I have performs TONS of tshooting to narrow this down. I have checked routes, permissions, everything looks good. I can hop on SSH on the BIG-IP and run the manual CLI command to prove the IAM user can see buckets.

{
  "kind": "storage#buckets",
  "items": [
    {
      "kind": "storage#bucket",
      "selfLink": "https://www.googleapis.com/storage/v1/b/girouxf5",
      "id": "girouxf5",
      "name": "girouxf5",
      "projectNumber": "690404916641",
      "metageneration": "1",
      "location": "US-WEST1",
      "storageClass": "STANDARD",
      "etag": "CAE=",
      "defaultEventBasedHold": false,
      "timeCreated": "2022-04-06T16:25:56.991Z",
      "updated": "2022-04-06T16:25:56.991Z",
      "labels": {
        "f5_cloud_failover_label": "giroux123"
      },
      "iamConfiguration": {
        "bucketPolicyOnly": {
          "enabled": true,
          "lockedTime": "2022-07-05T16:25:56.991Z"
        },
        "uniformBucketLevelAccess": {
          "enabled": true,
          "lockedTime": "2022-07-05T16:25:56.991Z"
        },
        "publicAccessPrevention": "inherited"
      },
      "locationType": "region",
      "satisfiesPZS": false
    }
  ]
}
shyawnkarim commented 2 years ago

Thanks for reporting and for providing these details. We'll take a look into either fixing the order issue or documenting the order requirement. Tracked with internal ID ESECLDTPLT-3078.

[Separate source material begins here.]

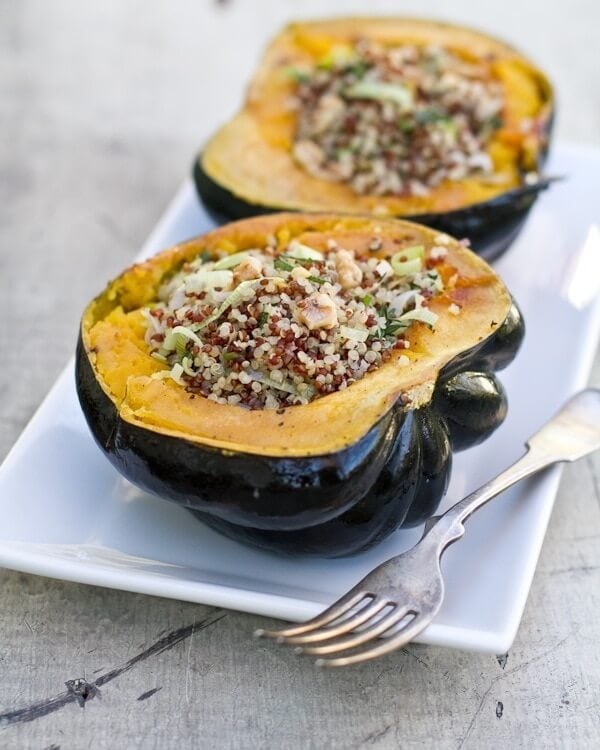 Stuffed squash is the perfect vegan Thanksgiving recipe! This one features tender roasted acorn squash that's stuffed with a hearty quinoa and herb stuffing. It's flecked with leeks, walnuts, fresh sage, and fresh thyme.

JeffGiroux commented 1 year ago

If you ever validate bucket permissions from the BIG-IP, you can ssh to BIG-IP and run this locally.

curl -H "Authorization: Bearer $(curl -sf --retry 20 -H 'Metadata-Flavor: Google' http://169.254.169.254/computeMetadata/v1/instance/service-accounts/default/token | jq --raw-output '.access_token')" https://storage.googleapis.com/storage/v1/b?project=$(curl -sf --retry 20 -H 'Metadata-Flavor: Google' http://169.254.169.254/computeMetadata/v1/project/project-id)
aliasgar215 commented 1 year ago

i am facing the above issue mentioned by you for one of my GCP cloud deployed vm. Here i am only using CFE but still getting the same error.So order of DO /AS3 is not applicable to my case. Also can you please help me edit below command as per my device data and execute. like which field i need to populate which data and then execute from F5 bash:-

curl -H "Authorization: Bearer $(curl -sf --retry 20 -H 'Metadata-Flavor: Google' http://169.254.169.254/computeMetadata/v1/instance/service-accounts/default/token | jq --raw-output '.access_token')" https://storage.googleapis.com/storage/v1/b?project=$(curl -sf --retry 20 -H 'Metadata-Flavor: Google' http://169.254.169.254/computeMetadata/v1/project/project-id)

shyawnkarim commented 1 year ago

Closing. A fix for this is not possible due to a race condition on BIG-IP. Please follow the examples in our documentation. They have been tested and work.